* PROBLEM TO WORK ON
Type the entries out again exactly as they read, but leave every picture behind.

* EXERCISE DATA

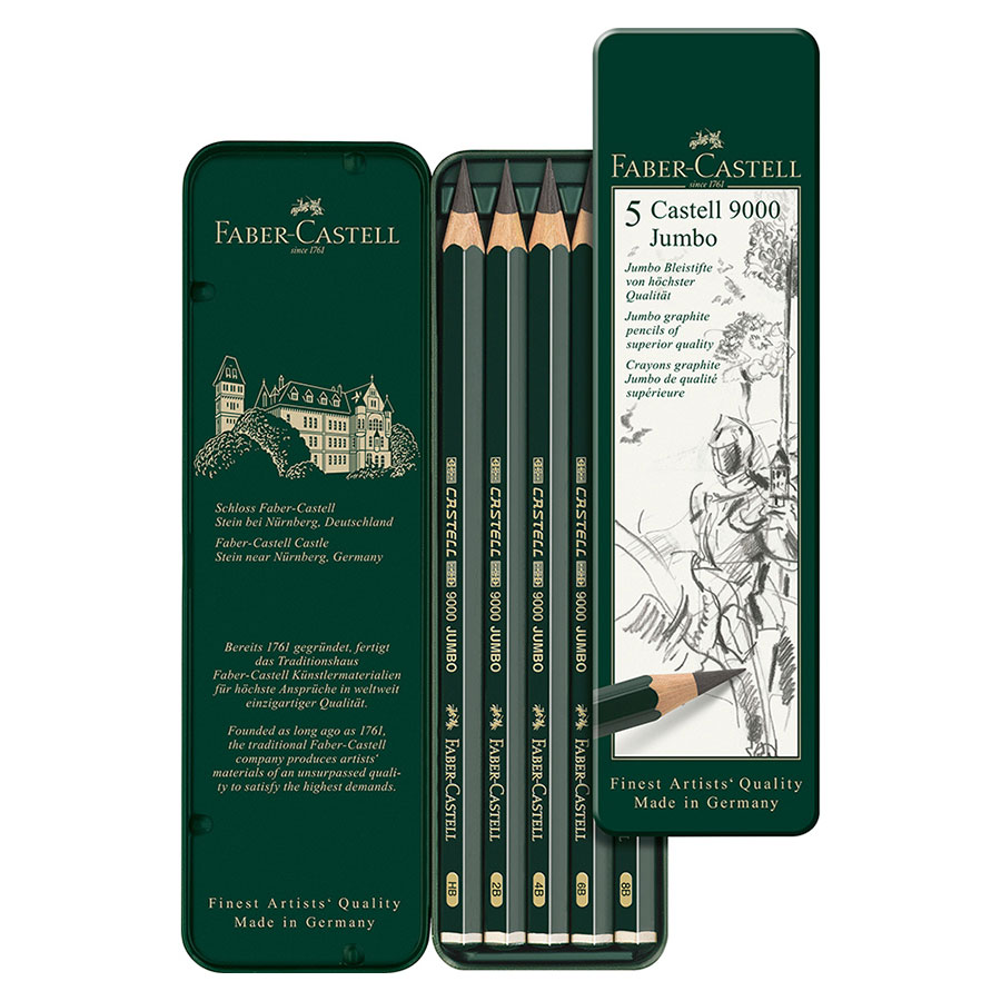 Lápiz para artistas Castell 9000 Jumbo, Estuche de metal con 5 lápices, HB, 2B, 4B, 6B, 8B
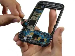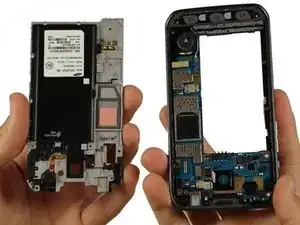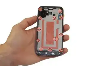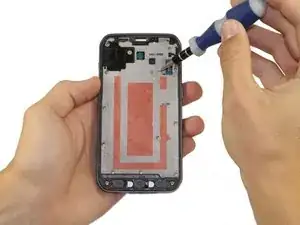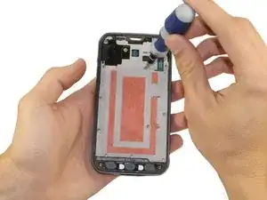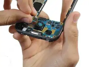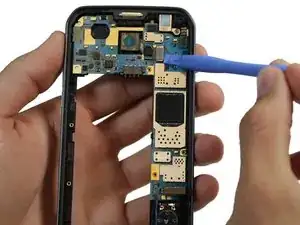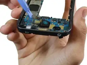 Используйте палец или пластиковый инструмент для вскрытия, чтобы отсоединить заднюю камеру от материнской платы.
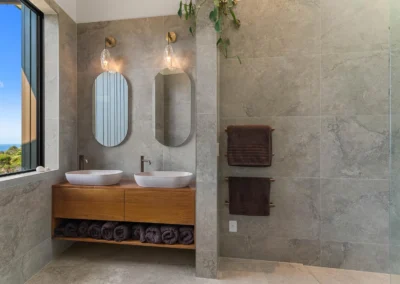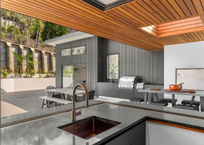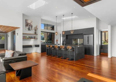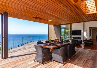 A low-maintenance material palette was selected to suit the exposed coastal environment and support long-term durability. Constructed by Ken Topp Builders, the project showcases a high level of craftsmanship, translating complex structural requirements into a refined and resolved architectural outcome.
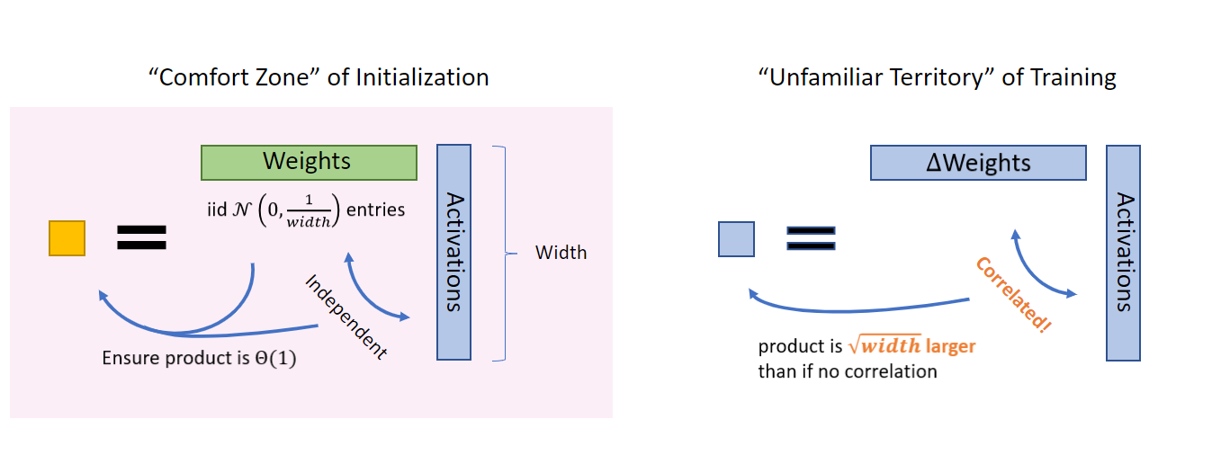 Why do NNGP and NTK fail to learn features? Because to do so, we need to leave the “comfort zone” of model initialization, where the activation coordinates are easy to analyze as they nicely follow a Gaussian law by a central limit argument (opens in new tab)—that is, summing infinitely many roughly independent, zero-mean random variables should yield a Gaussian distribution with a known variance. Just like growing a plant entails not only planting a seed but also proper care throughout its lifetime, the right infinite-width limit should take into consideration both the model initialization and the gradient updates, especially far away from initialization. To unlock feature learning, we need to see gradient updates for what they really are: a different kind of matrices from their randomly initialized counterparts.
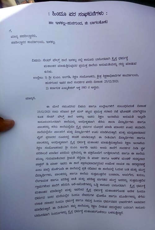 ‘ಡಿ.25ರಂದು ಇಲ್ಲಿನ ಸೇಂಟ್ ಪೌಲ್ಸ್ ಕಾನ್ವೆಂಟ್ ಶಾಲೆಯಲ್ಲಿ ಕ್ರಿಸ್ಮಸ್ ಆಚರಣೆ ನೆಪದಲ್ಲಿ ವಿದ್ಯಾರ್ಥಿಗಳು ಹಾಗೂ ಪಾಲಕರನ್ನು ಸೇರಿಸಿ, ಅವರಿಗೆ ಮಾಂಸದ ಊಟ ಬಡಿಸಿ, ಪ್ರಸಾದವೆಂದು ಮದ್ಯ ಹಾಗೂ ‘ಸತ್ಯವೇದ’ ಎನ್ನುವ ಪುಸ್ತಕ ನೀಡಿದ್ದಾರೆ. ಶಾಲೆಯ ನೆರೆಹೊರೆಯವರು ನೀಡಿದ ದೂರಿನ ಮೇರೆಗೆ ಶಿಕ್ಷಣ ಸಂಯೋಜಕರು ಶಾಲೆಗೆ ಭೇಟಿ ನೀಡಿ, ಬಿಇಒ ಅವರಿಗೆ ವರದಿ ನೀಡಿದ್ದಾರೆ. ಆದರೂ ಈವರೆಗೆ ಶಾಲೆಯ ಸಿಬ್ಬಂದಿ ಹಾಗೂ ಆಡಳಿತ ಮಂಡಳಿ ವಿರುದ್ಧ ಯಾವುದೇ ಕ್ರಮ ಕೈಗೊಂಡಿಲ್ಲ’ ಎಂದು ಸಂಘ ಪರಿವಾರದ ಮುಖಂಡರು ಆರೋಪಿಸಿದ್ದಾರೆ.

* ANSWER BOX
 Lápiz para artistas Castell 9000 Jumbo, Estuche de metal con 5 lápices, HB, 2B, 4B, 6B, 8B
 Используйте палец или пластиковый инструмент для вскрытия, чтобы отсоединить заднюю камеру от материнской платы.
 A low-maintenance material palette was selected to suit the exposed coastal environment and support long-term durability. Constructed by Ken Topp Builders, the project showcases a high level of craftsmanship, translating complex structural requirements into a refined and resolved architectural outcome.
 Why do NNGP and NTK fail to learn features? Because to do so, we need to leave the “comfort zone” of model initialization, where the activation coordinates are easy to analyze as they nicely follow a Gaussian law by a central limit argument (opens in new tab)—that is, summing infinitely many roughly independent, zero-mean random variables should yield a Gaussian distribution with a known variance. Just like growing a plant entails not only planting a seed but also proper care throughout its lifetime, the right infinite-width limit should take into consideration both the model initialization and the gradient updates, especially far away from initialization. To unlock feature learning, we need to see gradient updates for what they really are: a different kind of matrices from their randomly initialized counterparts.
 ‘ಡಿ.25ರಂದು ಇಲ್ಲಿನ ಸೇಂಟ್ ಪೌಲ್ಸ್ ಕಾನ್ವೆಂಟ್ ಶಾಲೆಯಲ್ಲಿ ಕ್ರಿಸ್ಮಸ್ ಆಚರಣೆ ನೆಪದಲ್ಲಿ ವಿದ್ಯಾರ್ಥಿಗಳು ಹಾಗೂ ಪಾಲಕರನ್ನು ಸೇರಿಸಿ, ಅವರಿಗೆ ಮಾಂಸದ ಊಟ ಬಡಿಸಿ, ಪ್ರಸಾದವೆಂದು ಮದ್ಯ ಹಾಗೂ ‘ಸತ್ಯವೇದ’ ಎನ್ನುವ ಪುಸ್ತಕ ನೀಡಿದ್ದಾರೆ. ಶಾಲೆಯ ನೆರೆಹೊರೆಯವರು ನೀಡಿದ ದೂರಿನ ಮೇರೆಗೆ ಶಿಕ್ಷಣ ಸಂಯೋಜಕರು ಶಾಲೆಗೆ ಭೇಟಿ ನೀಡಿ, ಬಿಇಒ ಅವರಿಗೆ ವರದಿ ನೀಡಿದ್ದಾರೆ. ಆದರೂ ಈವರೆಗೆ ಶಾಲೆಯ ಸಿಬ್ಬಂದಿ ಹಾಗೂ ಆಡಳಿತ ಮಂಡಳಿ ವಿರುದ್ಧ ಯಾವುದೇ ಕ್ರಮ ಕೈಗೊಂಡಿಲ್ಲ’ ಎಂದು ಸಂಘ ಪರಿವಾರದ ಮುಖಂಡರು ಆರೋಪಿಸಿದ್ದಾರೆ.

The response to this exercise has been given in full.